I asked my daughter, "could you see anything?" "Nope, nothing at all," she replied in a rather upbeat sort of, "I just verified something I've been suspecting for a good while now and it's good to have an answer" kind of way like a lab technician might note results on a clipboard.
She then wanted to shine the light in the left eye. This is the eye that has some very unknown amount of vision. It's so hard to tell what she can and can't see. Is it shadows and large forms only? She zips around the house and any areas she knows well. She isn't completely accurate and can still bump into walls. She doesn't know where things are in front of her or far away. I don't think she can tell colors but maybe she can know that something isn't a dark or light color. It's very hard to tell.
It's easy to want her to see more than she does so I always wait until I have proof she can see something. She can magically see a lot of times. This is a term I'm using for situations where my daughter will tell you or someone about a thing that would indicate she could see it. She's tricky. If she's heard someone else talk about it or remembers it from before or any number of ways in which she could "see" something when really she "knows" it.
When she held the light up to her left eye the other day, I let her do it because she needed to find out what she could see for herself. I asked her if she could see the. W light and she said, "of course" in a tone of voice that said she couldn't believe I'd even asked her that. Then I asked her if she could see shapes and things and she told me she could see lots of things. We didn't get into more than that. She says she's only half-blind. Finding out what that sighted part sees is very hard to nail down.
The Big Boy Update: My son likes to be a parent. He wants to mostly be a parent when it comes to doling out punishments. This typically means his sister. I think in part he's trying to help. It doesnt come across that way to his sister though.

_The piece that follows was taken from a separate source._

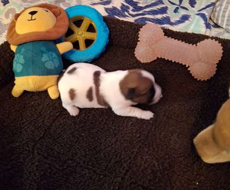 Calm patient demeanor makes him wonderful around kids. Black Jack is AKC registered with all the recommended health clearances. We love this little guy alot on our farm.

The Tiny Girl Chronicles: My daughter came into the bonus room where I'm working here and stated, "I need this room" in a definitive tone. I told her I was still working but she was welcome to work with me here. She got her braillewriter and a stack of about fifty sheets of braille paper and left. I asked why she needed to leave and she told me it was something for mother's day and she liked to talk to herself out loud while she typed and so she had to go to another room.